In run defense, Vernon Butler is extremely inconsistent. When he doesn’t rise instantly off the snap, he can be quite effective controlling his blocker. The problem is that he too frequently gives up his advantage by not using his best attribute (his length) to his advantage. He has a considerable size advantage over most guards, but rarely did I see him using that on back-to-back plays.
This first play on this page is by far my favorite play by Vernon Butler. He does a fantastic job of controlling his blocker while reading the backfield. If his edge defender can hold the outside running lane better, this easily is a tackle for loss for the defense thanks thanks to Butler controlling both A- and B-gaps.
On stretch plays, Butler does a good job of keeping his feet moving, but he needs to keep his shoulders square to the line of scrimmage to fully utilize his strength and length. He gets a partial turn with his hips, but awkwardly attacks the line with his arms extended sideways. The second play is more concerning to me as he doesn’t even attempt the tackle watching the running back sprint right past him.
In goal line situations I would hope Butler would prosper using his power to control blockers. Unfortunately, this was not the case.

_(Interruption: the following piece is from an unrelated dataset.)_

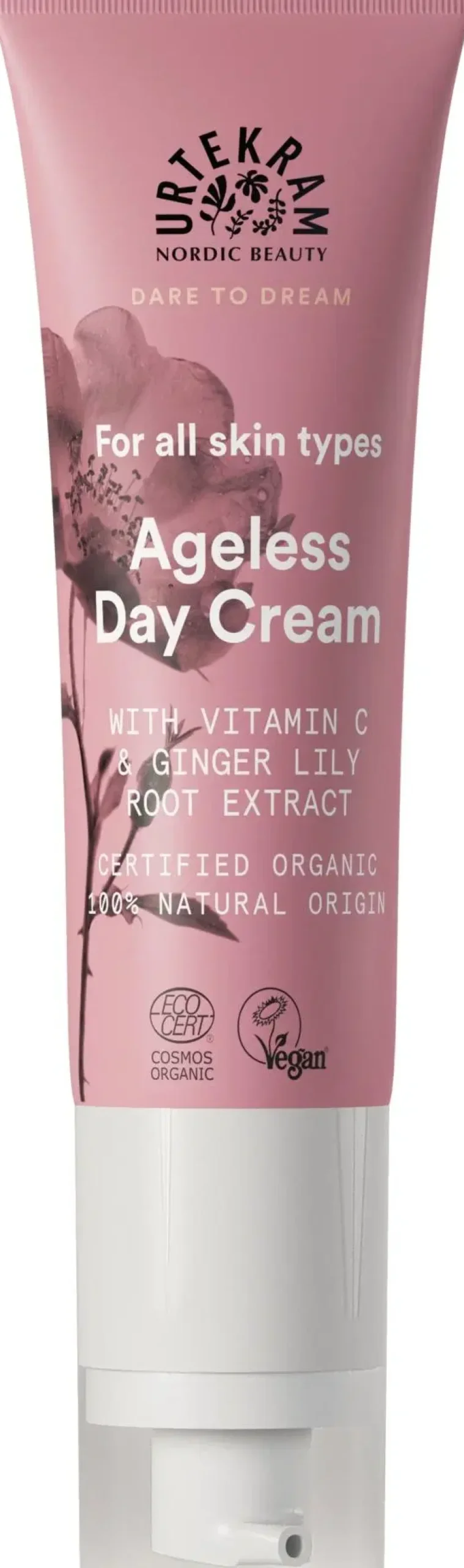 Urtekram Ageless päivävoide auttaa ihoa suojautumaan ikääntymisen ensimerkeiltä. Antioksidantteja ja C-vitamiinia sisältävä luonnollinen, kosteuttava ja ravitseva anti-age päivävoide sisältää mm. ruusunmarjaöljyä ja valkoisen inkiväärililjan juuriuutetta, jotka auttavat ihoa suojautumaan vapailta radikaaleilta ja ympäristön vaikutuksilta. Hyaluronihappo auttaa säilyttämään ihon kimmoisuuden ja vähentämään juonteita ja aloe vera, jojoba- sekä manteliöljy auttavat ihoa pysymään kosteutettuna koko päivän. Antaa iholle uutta energiaa ja raikasta hehkua. Sopii kaikille ihotyypeille. Luomusertifioitu Ecocert Cosmos Organic -standardin mukaisesti, vegaaninen ja 100 % luonnollista alkuperää oleva koostumus.

Against Western Kentucky, the right guard gets underneath his pads and drives him backwards instantly after the snap allowing the running back a path into the endzone. This is a consistent problem Butler has at the point of attack. This is an excellent block by the right guard, but it’s no different than he’d face in the NFL on a routine basis. In order to win these battles, he needs to stay low and use his length to keep the right guard off of his chest plate.
Against double teams, Butler simply could not hold them. He gets bullied backwards as his pad level rises and he doesn’t keep his feet driving towards the blocker to sustain the block.
Just like in pass rush, Butler’s ability to learn the technique of the position will be crucial in his development. While Butler has all the tools to succeed, he is clearly the biggest project out of all the defensive lineman in consideration for a 1st round pick.
Pro Comparison and Draft Projection
Pro Comparison: Vernon Gholston/Muhammad Wilkerson. This is a rare dual comparison for me, becaused based purely on size and athleticism, he looks like Muhammad Wilkerson as both stand at 6’4″ 325 lbs with 35+ inch arms. With that in mind, I think his lack of refined technique makes me lean towards the Vernon Gholston comparison as both relied on effort and upper body strength to make plays in college.
Projected Round: Late First – Early Second Round.